Highdaysandholidays1 · 24/02/2023 17:19

@shyjenny I think go on the date. you will get some practice of getting out there and I think it's likely he does like you otherwise he'd be making excuses. If you took the advice on here, you would never date, as apparently everyone on online dating is just looking for a shag even though I have had lots of online dates and never so much as kissed any of them, my choice! If you over-analyse you will get nowhere. Similarly if you invest too much in a few messages you may be disappointed.

Treat it more as just a quick coffee with a potential new friend, go in, chat for 40 min to an hour and come home. Don't try to work it all out before you've even met him.

This is good advice.

Cheeseandpickleplease · 24/02/2023 19:27

You sound a bit nuts to be honest from your last few posts 😂

shyjenny · 24/02/2023 19:28

Why nuts@Cheeseandpickleplease ??

OP posts:
PoseyFlump · 24/02/2023 19:33

Don't try to work it all out before you've even met him.

This.
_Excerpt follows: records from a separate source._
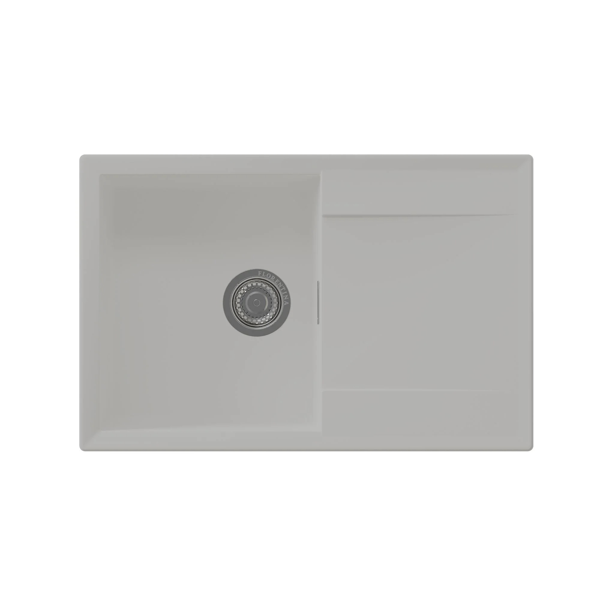 Прямоугольная мойка с большой чашей для кухонного шкафа 50 см. Материал — кварцевый композит. Предусмотрены доп. отверстия для установки аксессуаров. Мойка реверсивная.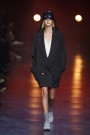 The first few models that were sent out on the runway wore some kind of fireman hats with long flaps at the back. Stiff, dark-colored coats, jeans and grey gym shoes completed their looks.
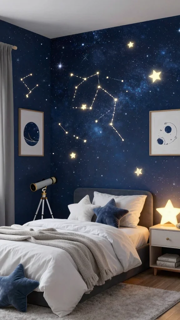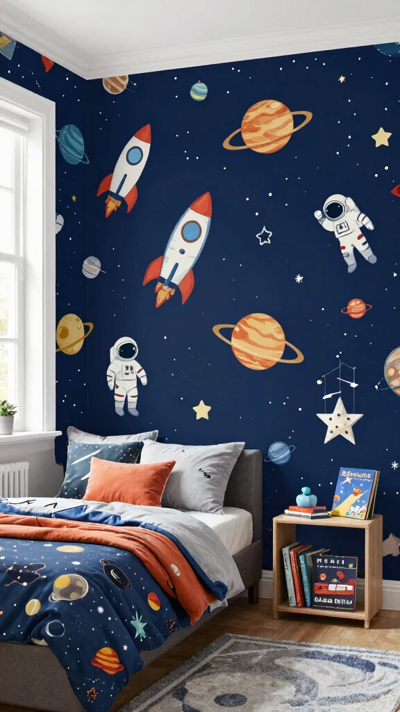 Ensure the wallpaper uses non-toxic inks for a safe sleeping environment. Creating a cozy reading corner with space-themed books adds to the enchanting atmosphere.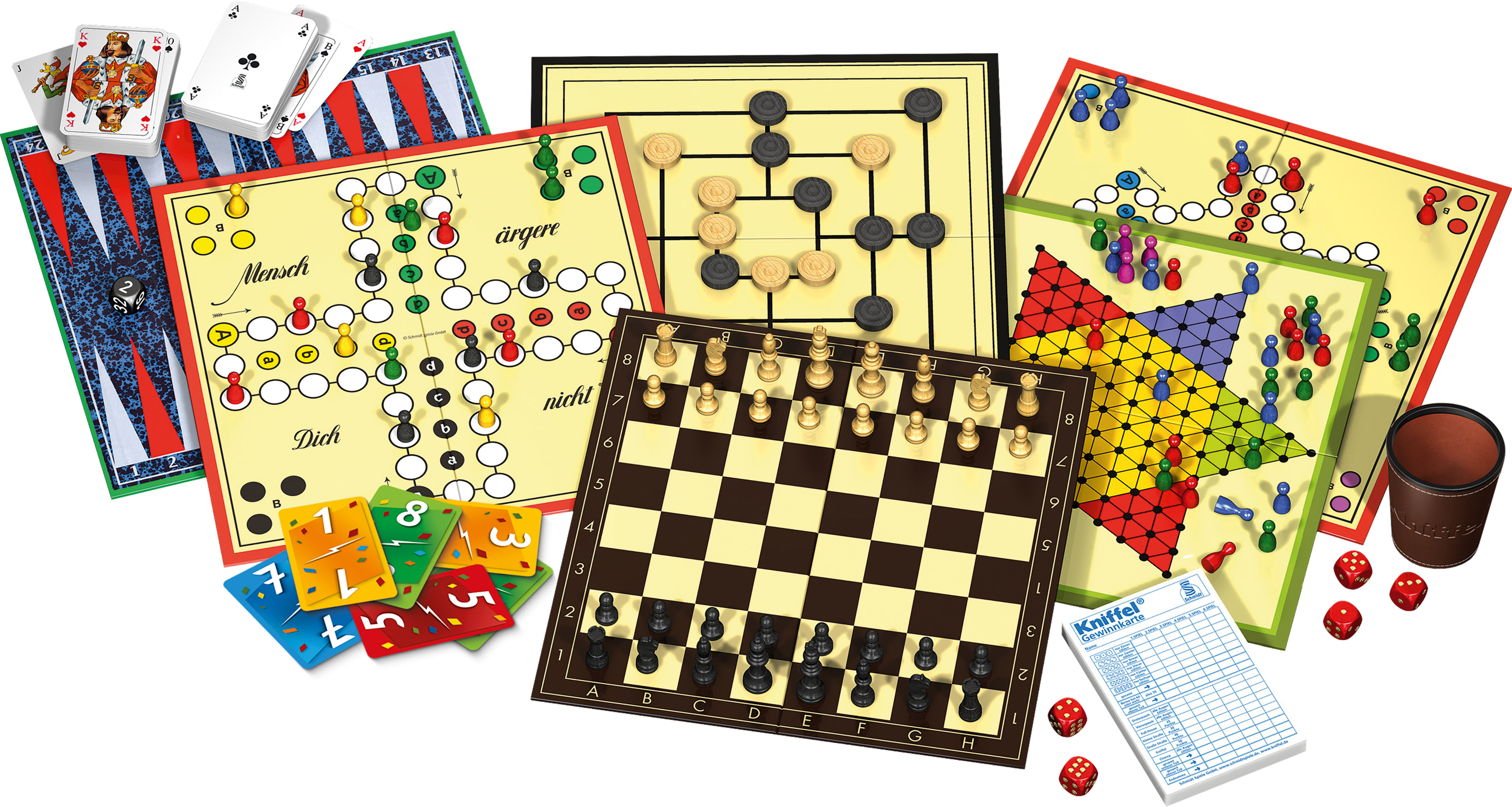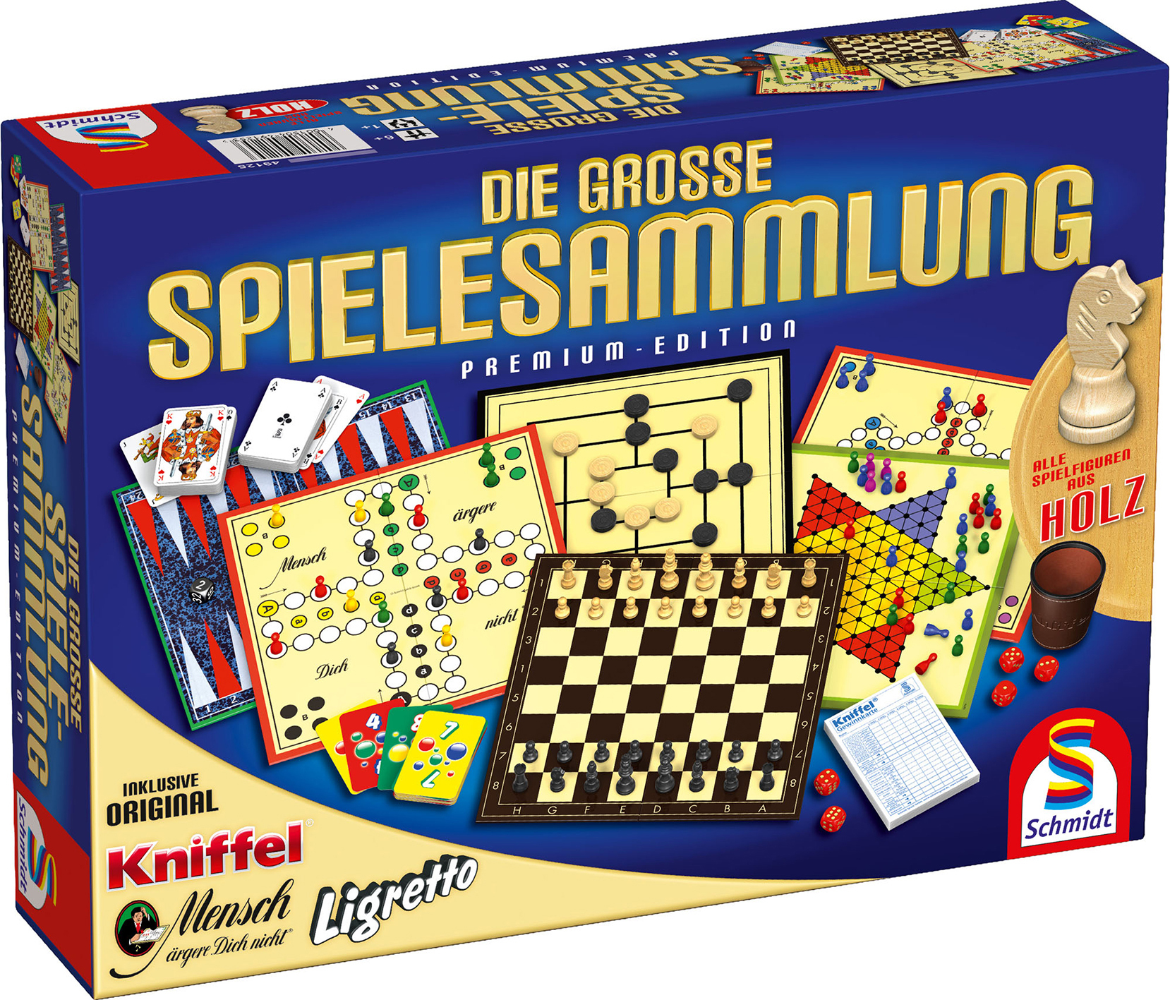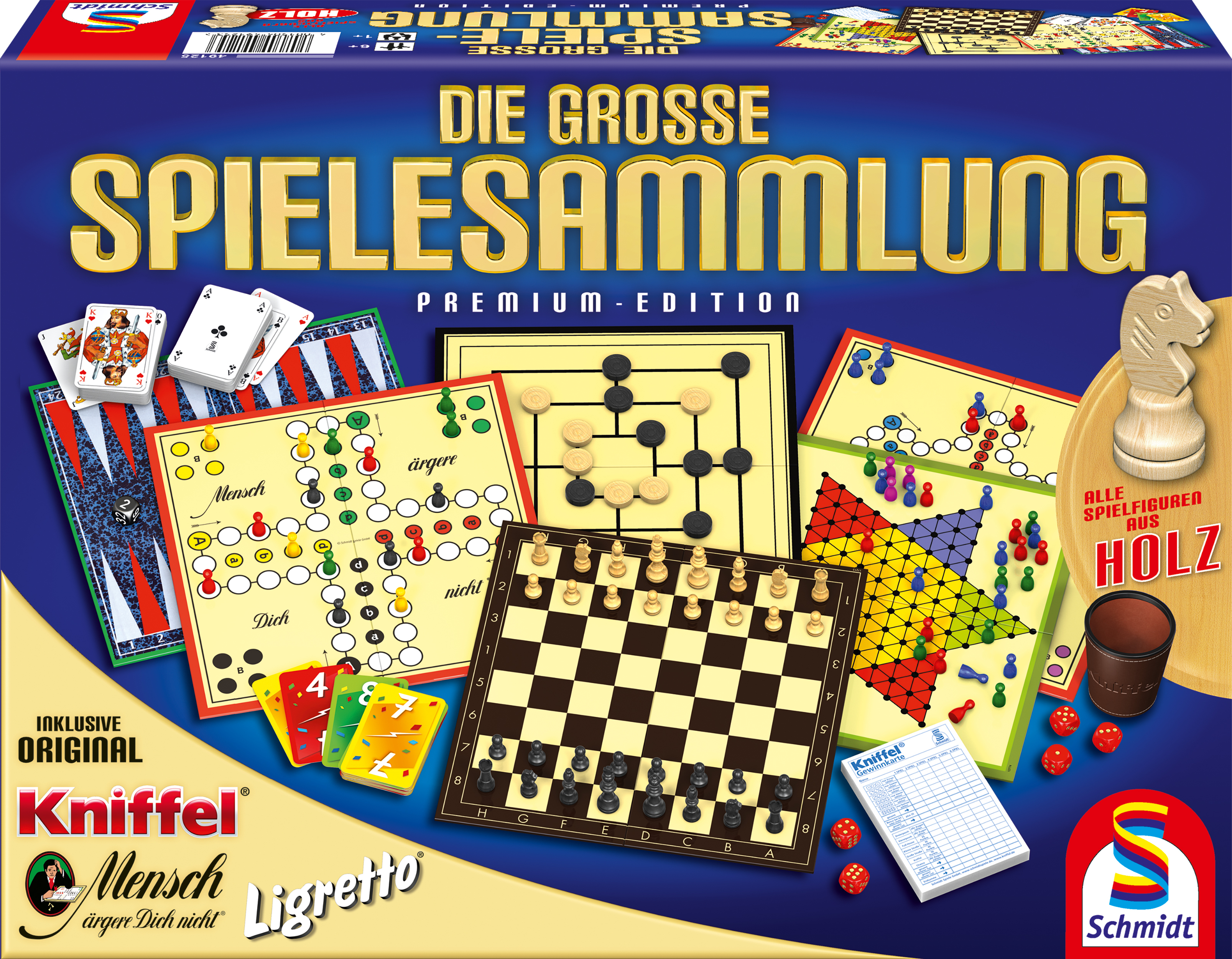 Die große Spielesammlung Diese Premium-Edition mit über 100 raffinierten Spielemöglichkeiten enthält neben dem original MENSCH ÄRGERE DICH NICHT und KNIFFEL unser beliebtes LIGRETTO-Kartenspiel und viele weitere populäre Spiele wie Backgammon, Rommé und Halma....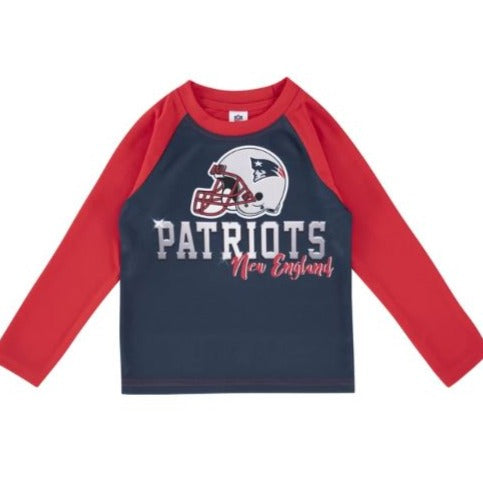 - Dress him up as a number one fan with this officially licensed New England Patriots toddler boys' long sleeve tee! Sublimation print artwork puts the Patriots logo on prominent display. These wardrobe favorites let the world know on game day or any day where his loyalties lie. A soft, cozy polyester interlock keeps him all warmed up and ready for play. This toddler boys’ long sleeve tee is perfect to pair up with his favorite pair of toddler boys’ pants to create comfortable and festive outfits. The machine wash and dry fabric allows for hassle-free laundry days. He’ll love how comfortable he feels in these long sleeve tees and you’ll love just how handsome he looks! This long sleeve tee makes great gifts for any little Patriots fans! Make each game a little more special by including your little one in on the fun!
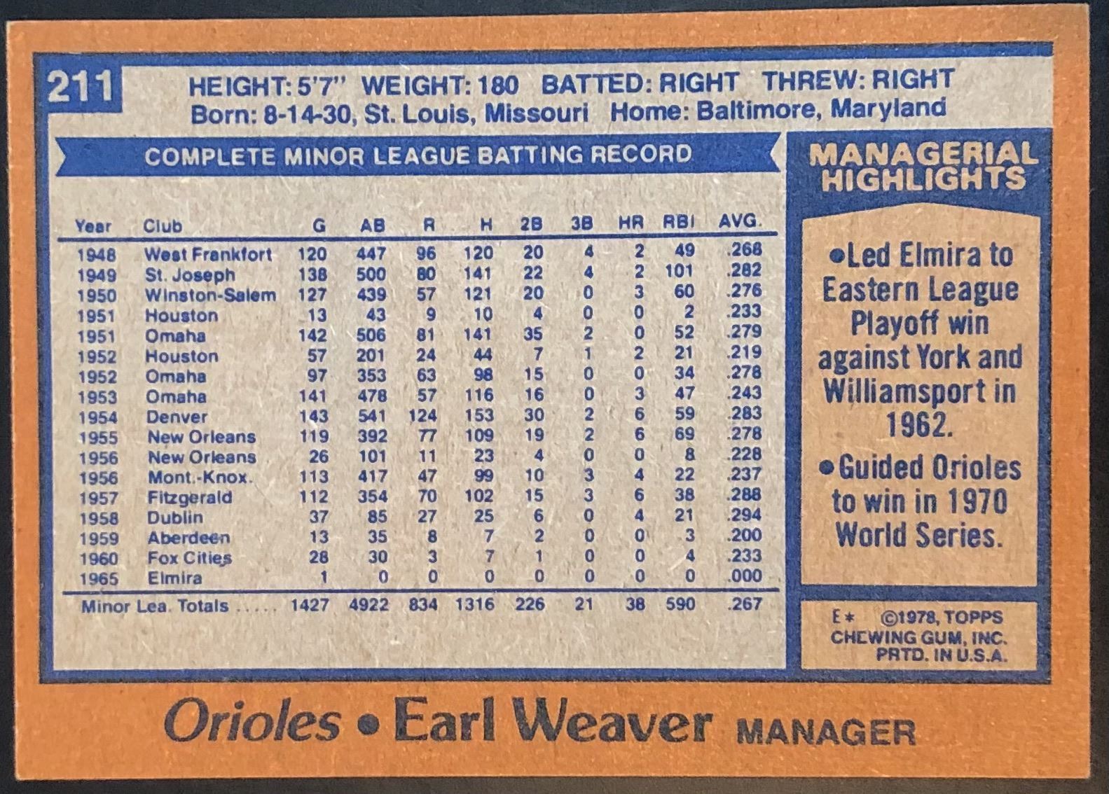 Lot 910 1978 TOPPS EARL WEAVER (HOF)
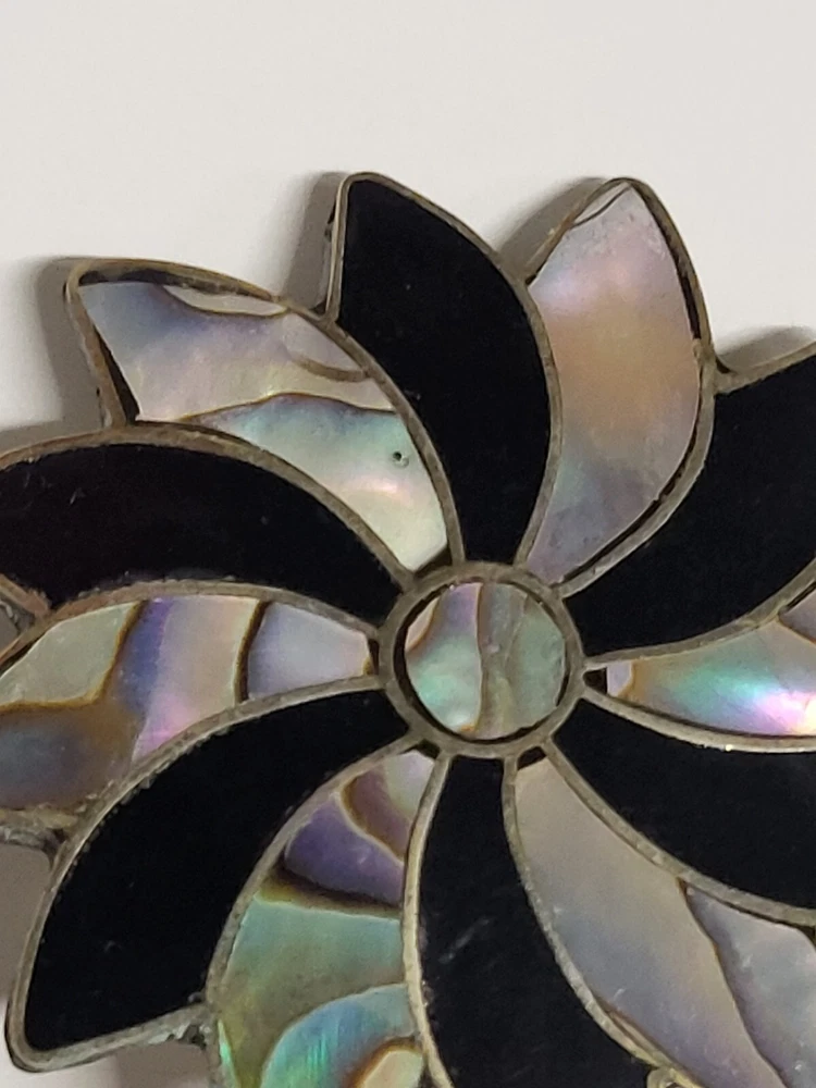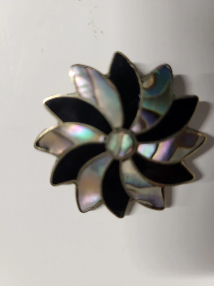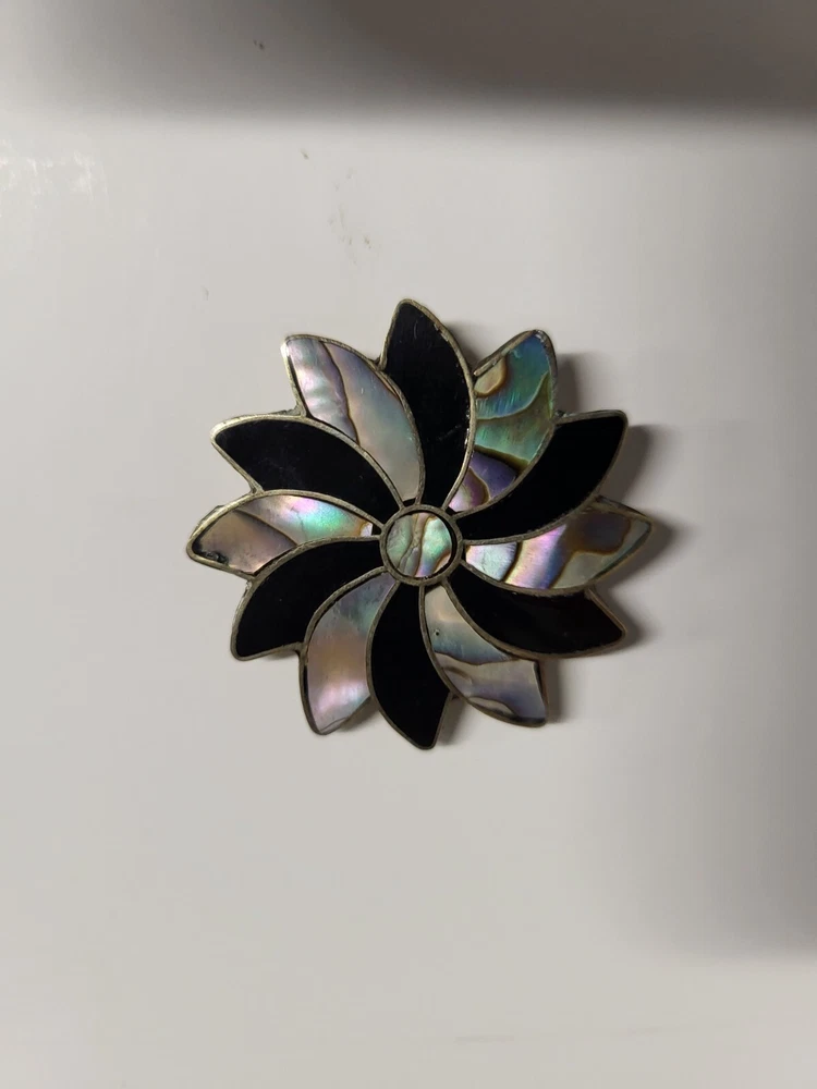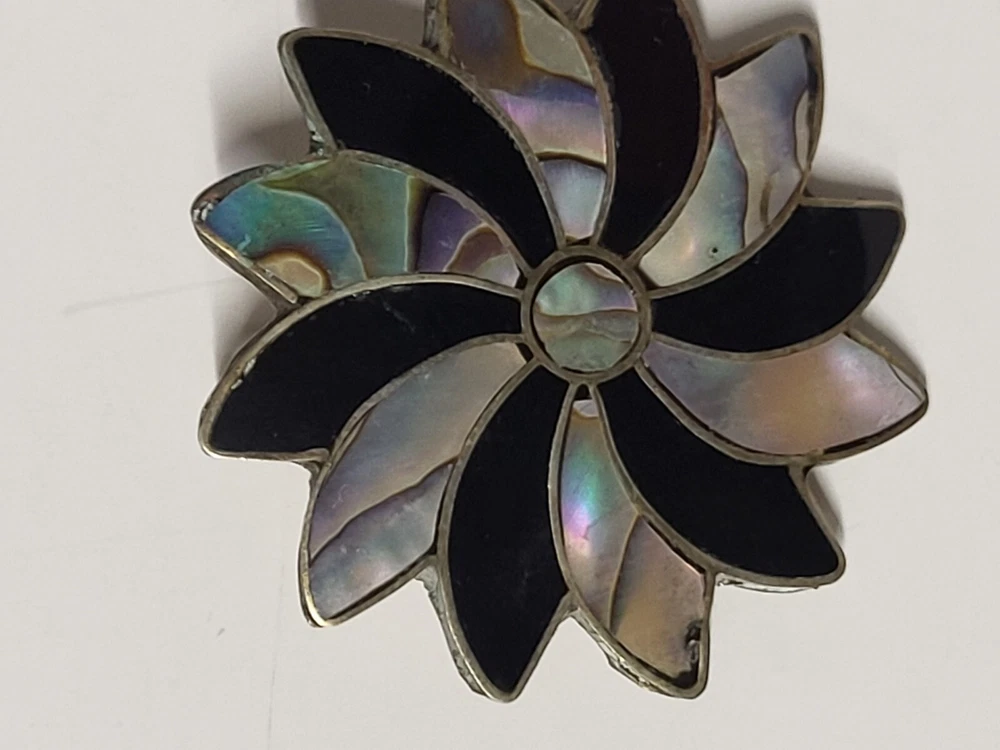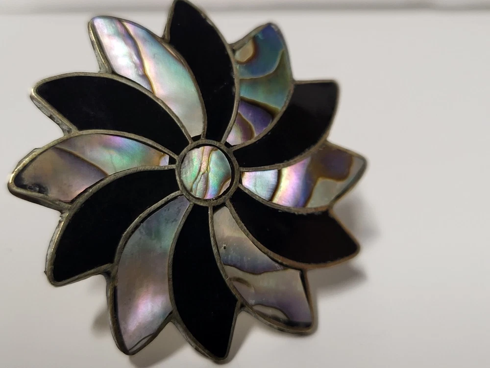 Vintage Alpaca Mexico 925 Silver Black Onyx & Abalone Shell Mother Of Pearl Pin Brooch. Pinwheel Star Design. Excellent Condition with Absolutely No damage.

You can't tell 'spark' from a photo anyway. Meet him and see what happens. It will be a good learning experience either way. It's hard to capture the 'real' you in a photo anyway, it's daft so much emphasis is put on them.

whatausername · 24/02/2023 19:38

shyjenny · 24/02/2023 18:01

How rude !!!!@Verynice1

So if no comment is rude and not being attracted/being honest is rude then the only thing you'll accept is a compliment whether genuine or not?